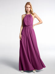 Halter Neck Low Back Chiffon Maxi Sexy Dress-Orchid
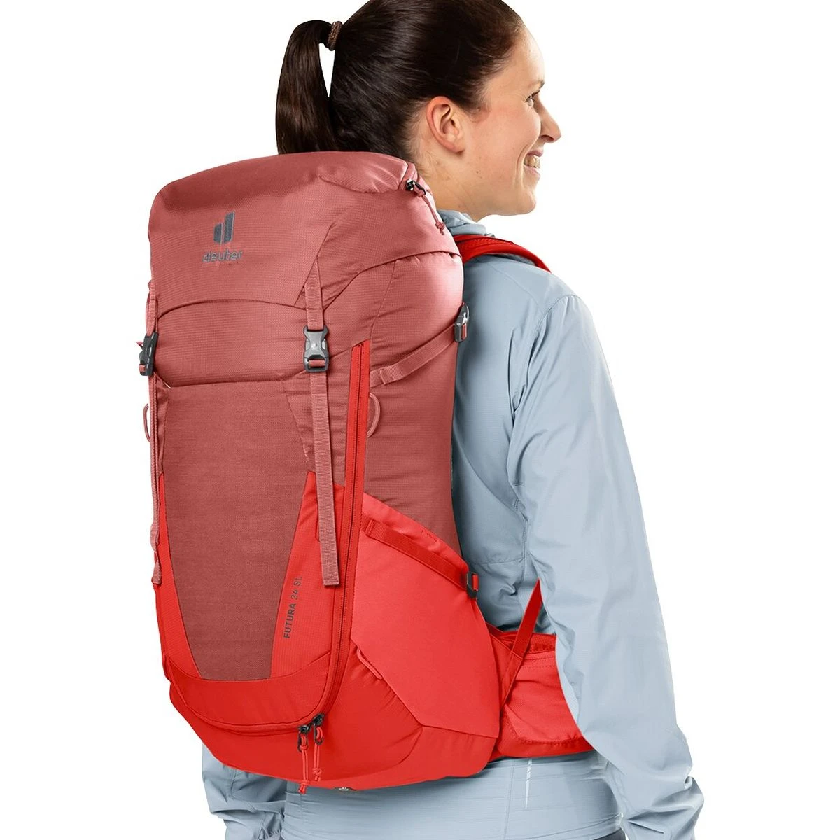 Der Futura SL ist aufgrund des kürzeren Rückens, der schmäleren Schulterträger und der konisch geformten Hüftflossen speziell auf die weibliche Anatomie abgestimmt und sorgt damit für erhöhten Tragekomfort auf längeren Tages- und Mehrtageswanderungen. Zudem bietet das neue Mesh des Aircomfort Rückensystem maximale Belüftung und verringert das Schwitzen damit um bis zu 25 %. Zudem verschafft die große Frontöffnung einen leichten Zugriff auf und einen guten Überblick über den Inhalt des Rucksacks. Das Hauptmaterial der Futura-Serie besteht aus bluesign(R)-zertifiziertem Material.
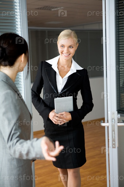 Красивая женщина стоит у двери и общается с коллегой

________________________

#### THE TASK:
The full listing, transcribed exactly and without its pictures, is the expected result.

#### TASK SOLUTION:
 Halter Neck Low Back Chiffon Maxi Sexy Dress-Orchid
 Der Futura SL ist aufgrund des kürzeren Rückens, der schmäleren Schulterträger und der konisch geformten Hüftflossen speziell auf die weibliche Anatomie abgestimmt und sorgt damit für erhöhten Tragekomfort auf längeren Tages- und Mehrtageswanderungen. Zudem bietet das neue Mesh des Aircomfort Rückensystem maximale Belüftung und verringert das Schwitzen damit um bis zu 25 %. Zudem verschafft die große Frontöffnung einen leichten Zugriff auf und einen guten Überblick über den Inhalt des Rucksacks. Das Hauptmaterial der Futura-Serie besteht aus bluesign(R)-zertifiziertem Material.
 Красивая женщина стоит у двери и общается с коллегой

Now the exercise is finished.